Exposure adjustment + compression • Tricky to set exposure to get both dim and bright objects (i.e. Jupiter + Moons..) • Use uncompressed or lossless compression file formats for original images, so that you can get best processing results later • Experience is the best teacher, every webcam is different, as are different targets
Jupiter… • Short clip taken from my driveway in Urbana during mediocre seeing earlier this week • 2x barlow for 6000mm focal length • Dust mote just to left of center of chip
Image processing, better pictures • Adjust brightness • Increase contrast • Sharpen images • Stack multiple images together to get better images than any single image • Pick the best images from a movie, or from a sequence of exposures, stack only the best images to create a new image • Type “astrostack” into Google….

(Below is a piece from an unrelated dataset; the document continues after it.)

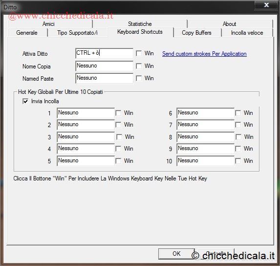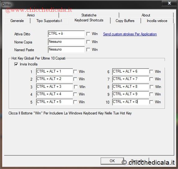 | 9. Nel passo 8 abbiamo visto come incollare una selezione di appunti in un documento, utilizzando la finestra principale di Ditto. Ma potreste utilizzare delle combinazioni di tasti per incollare le varie selezioni, senza dover aprire ogni volta la finestra del programma. Per farlo, tornate nella schermata delle opzioni di Ditto (come visto nel passo 3).Fate clic sulla sezione Keyboard shortcuts. Nella parte in basso di questa finestra si trovano una decina di campi vuoti: corrispondono alle combinazioni di tasti da usare per incollare velocemente le ultime dieci selezioni negli appunti di Ditto. 10. Per assegnare una combinazione di tasti a una delle ultime dieci “copie” degli appunti, andate sul campo vuoto corrispondente (quello indicato con 1 incollerà l’ultima selezione di appunti, quello con 2 la penultima e così via…) e fate clic. A questo punto premete sulla tastiera una combinazione di tasti che volete associare a questa selezione. Per semplicità, nel nostro esempio abbiamo assegnato al primo campo i tasti CTRL+ALT+1, al secondo CTRL+ALT+2 e così via. Una volta compilati i vari campi, fate clic su OK.Tornate nel Blocco note e provate a premere le varie combinazioni di tasti appena create. Come vedrete, gli appunti associati ai comandi verranno incollati automaticamente. | ||

Aligned/Stacked Jupiter(s)… • Processed sequences taken a year ago.. • Eliminated worst frames, aligned and stacked remaining frames with Astrostack • Taken with an 8” SCT & 2x barlow (4000mm focal length)
Aligned/Stacked Saturn(s)… • Top image taken using UI 12” refractor, 4500mm focal length • Bottom image taken with 8” SCT /w 2x barlow, 4000mm focal length
Modified long-exposure webcams • Webcams can be modified for long exposures with some soldering and careful circuit assembly – people call these modified cameras “Astrocams” • Long exposures are absolutely necessary in order to image dim objects • Still cheaper than buying a commercial CCD camera, or even a kit. • Quality is limited by noise, 8-bit readout, but still a fun way to get started
Other uses for astrocams • Can be used for software-based autoguiding with normal CCD or film-based astrophotography • Measuring light pollution by computer, sky brightness, etc. • If camera mods are non-invasive, can still be a webcam!